* [Your goal] Output all records exactly, with no images.

* [Provided data]
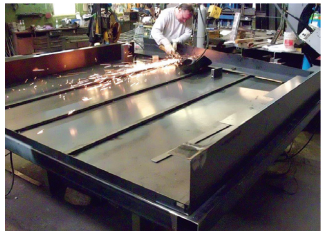
Produktion af den 'rustne kasse'.

Vi fik meget frie hænder fra start. På tegningerne vises skitser fra den første brainstorming til monterrummet ud fra projektgruppens tanker og idéer. Det endelige design vises nederst, og er lavet af Howeni Projects Security Advisors med anbefaling til materialer.
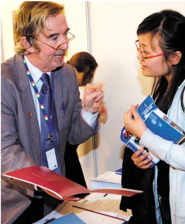
ງານວາງສະແດງສຶກສາທີ່ການສາກົນສາລະເວສປຈີນຄັ້ງທີ 12 ໄດ້ຈັດຂຶ້ນທີ່ນາມກິ່ວມິນະຫາວິທະຍາໄລ, ວິທະຍາຄານແລະອົງການສຶກສາທີ່ມາຈາກປະເທດຕ່າງໆເກືອບ 100 ຫລັງຮ່ວມງານເພື່ອສະໜອງການບໍລິການດ້ານທີ່ປຶກສາແກ້ນັກສຶກສາຈີນທີ່ລັດສິ່ງອອກຫຼືໃຊ້ທຶນສ່ວນຕົວ 第十二届中国国际教育巡回展在南京举行, 来自各国的近百家院校和教育机构参展, 为中国公派和自费出国留学人员提供咨询服务

ນະທຳເປັນຕົ້ນ, ຍັງໄດ້ເຜີຍແຜ່ວັດທະນະທຳຈີນທີ່ກົມກຽວ ແລະພາບພົດຂອງຈີນທີ່ມີຕະພາບໄມຕິຈິດແກ່ທົ່ວໂລກອີກດ້ວຍ.
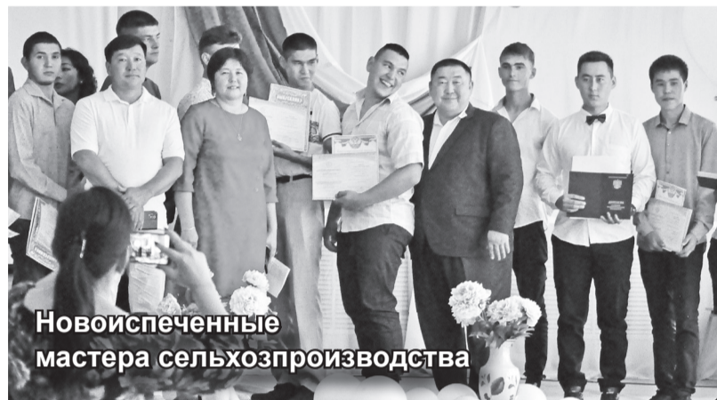
Новоиспеченные мастера сельхозпроизводства

А днем ранее своих выпускников проводило в большую жизнь профессиональное училище №16.
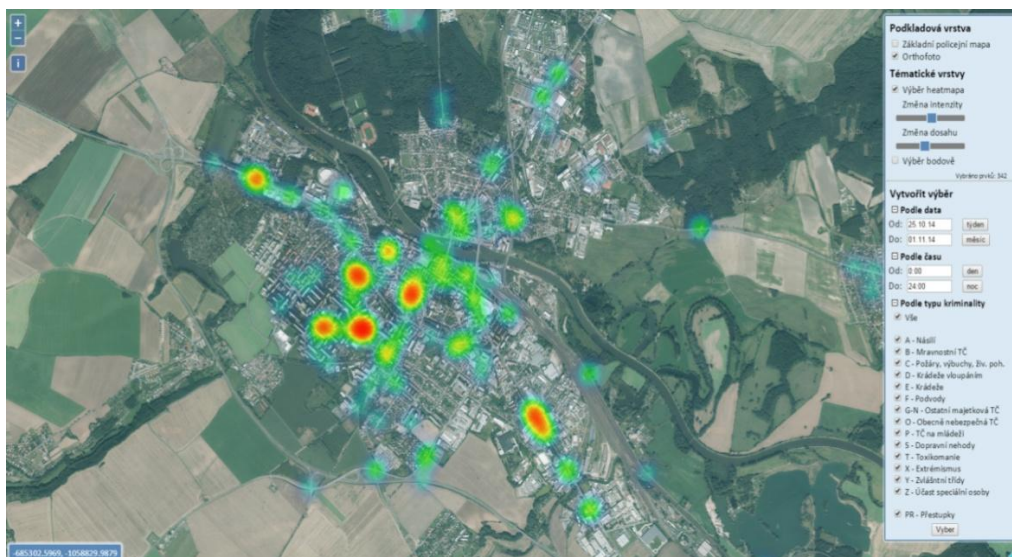
Ilustrační obrázek – mapa Hot spot

Kolínská policie zastává názor, že občan žijící v určitém místě, by měl být informován o kriminálních činech v této oblasti a tedy i o případných budoucích rizicích, které mu mohou potencionálně hrozit. Z tohoto důvodu policie přistoupila ke zveřejňování neznámých trestných činů na území Kolína na webových stránkách města „Bezpečný Kolín“, který byl zřízen mimo jiné i k těmto účelům. Na tomto webu je rovněž plánováno zveřejnění mapy Kolína s vytyčenými oblastmi, kde budou zobrazeny vybrané druhy trestné činnosti. Místo trestného činu bude rozostřeno v sektoru cca 200 m 2 , tak aby nebylo možné identifikovat osobu poškozeného, a tím nedocházelo k sekundární viktimizaci.
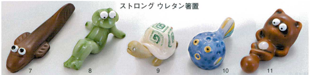
ストロング ウレタン箸置
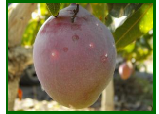
Hembras, en fruto

El principal daño que produce es una depreciación del fruto cuando se establecen algunos individuos en él porque lo decoloran y no madura adecuadamente. Basta la presencia de cuatro o cinco cochinillas para que un fruto no valga comercialmente.
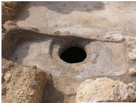
איור 3 - המקווה המערבי, הבריכה העליונה ופתח מיכל המים (המגרעת) שתחתיה

המקווה המזרחי (איור 5) דומה במבנהו ובמרכיביו למקווה המערבי, אך בריכת
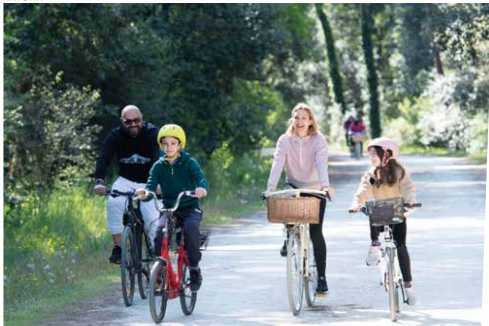
SOPRA IN BICI IN PINETA A DESTRA DENTRO AL PARCO NATURALE DI CERVIA
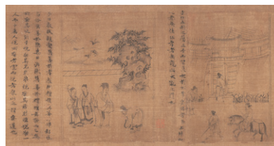
【2】孝経図巻（部分）李公麟 中国・北宋時代 元豊8年（1085）頃 アメリカ・メトロポリタン美術館蔵
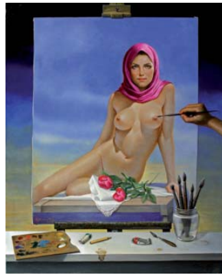
Creando el cuadro, 2013 100 X 81 cm
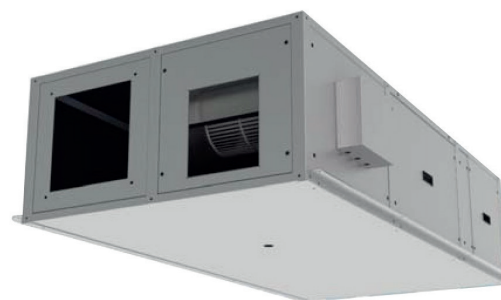
Recuperatore di calore HRS+
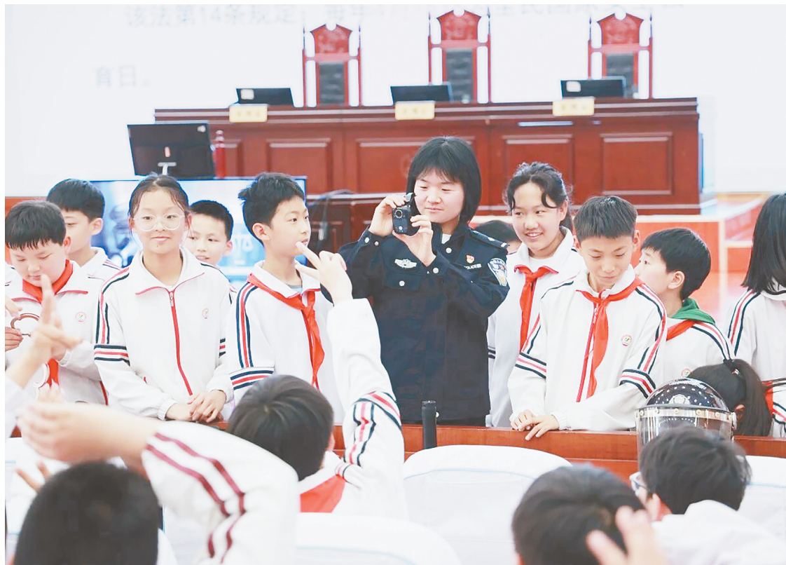
4月15日是我国第十一个全民国家安全教育日。当天,市中级人民法院干警带领市实验小学的“红领巾”沉浸式打卡诉讼服务中心、一号审判庭等,现场体验智慧法院的高效与便捷。干警们将保守国家秘密、防范网络诈骗等知识融入一个个鲜活的小故事进行细致讲解,以司法力量护航青少年健康成长。

* [Your response]
Produktion af den 'rustne kasse'.

Vi fik meget frie hænder fra start. På tegningerne vises skitser fra den første brainstorming til monterrummet ud fra projektgruppens tanker og idéer. Det endelige design vises nederst, og er lavet af Howeni Projects Security Advisors med anbefaling til materialer.
ງານວາງສະແດງສຶກສາທີ່ການສາກົນສາລະເວສປຈີນຄັ້ງທີ 12 ໄດ້ຈັດຂຶ້ນທີ່ນາມກິ່ວມິນະຫາວິທະຍາໄລ, ວິທະຍາຄານແລະອົງການສຶກສາທີ່ມາຈາກປະເທດຕ່າງໆເກືອບ 100 ຫລັງຮ່ວມງານເພື່ອສະໜອງການບໍລິການດ້ານທີ່ປຶກສາແກ້ນັກສຶກສາຈີນທີ່ລັດສິ່ງອອກຫຼືໃຊ້ທຶນສ່ວນຕົວ 第十二届中国国际教育巡回展在南京举行, 来自各国的近百家院校和教育机构参展, 为中国公派和自费出国留学人员提供咨询服务

ນະທຳເປັນຕົ້ນ, ຍັງໄດ້ເຜີຍແຜ່ວັດທະນະທຳຈີນທີ່ກົມກຽວ ແລະພາບພົດຂອງຈີນທີ່ມີຕະພາບໄມຕິຈິດແກ່ທົ່ວໂລກອີກດ້ວຍ.
Новоиспеченные мастера сельхозпроизводства

А днем ранее своих выпускников проводило в большую жизнь профессиональное училище №16.
Ilustrační obrázek – mapa Hot spot

Kolínská policie zastává názor, že občan žijící v určitém místě, by měl být informován o kriminálních činech v této oblasti a tedy i o případných budoucích rizicích, které mu mohou potencionálně hrozit. Z tohoto důvodu policie přistoupila ke zveřejňování neznámých trestných činů na území Kolína na webových stránkách města „Bezpečný Kolín“, který byl zřízen mimo jiné i k těmto účelům. Na tomto webu je rovněž plánováno zveřejnění mapy Kolína s vytyčenými oblastmi, kde budou zobrazeny vybrané druhy trestné činnosti. Místo trestného činu bude rozostřeno v sektoru cca 200 m 2 , tak aby nebylo možné identifikovat osobu poškozeného, a tím nedocházelo k sekundární viktimizaci.
ストロング ウレタン箸置
Hembras, en fruto

El principal daño que produce es una depreciación del fruto cuando se establecen algunos individuos en él porque lo decoloran y no madura adecuadamente. Basta la presencia de cuatro o cinco cochinillas para que un fruto no valga comercialmente.
איור 3 - המקווה המערבי, הבריכה העליונה ופתח מיכל המים (המגרעת) שתחתיה

המקווה המזרחי (איור 5) דומה במבנהו ובמרכיביו למקווה המערבי, אך בריכת
SOPRA IN BICI IN PINETA A DESTRA DENTRO AL PARCO NATURALE DI CERVIA
【2】孝経図巻（部分）李公麟 中国・北宋時代 元豊8年（1085）頃 アメリカ・メトロポリタン美術館蔵
Creando el cuadro, 2013 100 X 81 cm
Recuperatore di calore HRS+
4月15日是我国第十一个全民国家安全教育日。当天,市中级人民法院干警带领市实验小学的“红领巾”沉浸式打卡诉讼服务中心、一号审判庭等,现场体验智慧法院的高效与便捷。干警们将保守国家秘密、防范网络诈骗等知识融入一个个鲜活的小故事进行细致讲解,以司法力量护航青少年健康成长。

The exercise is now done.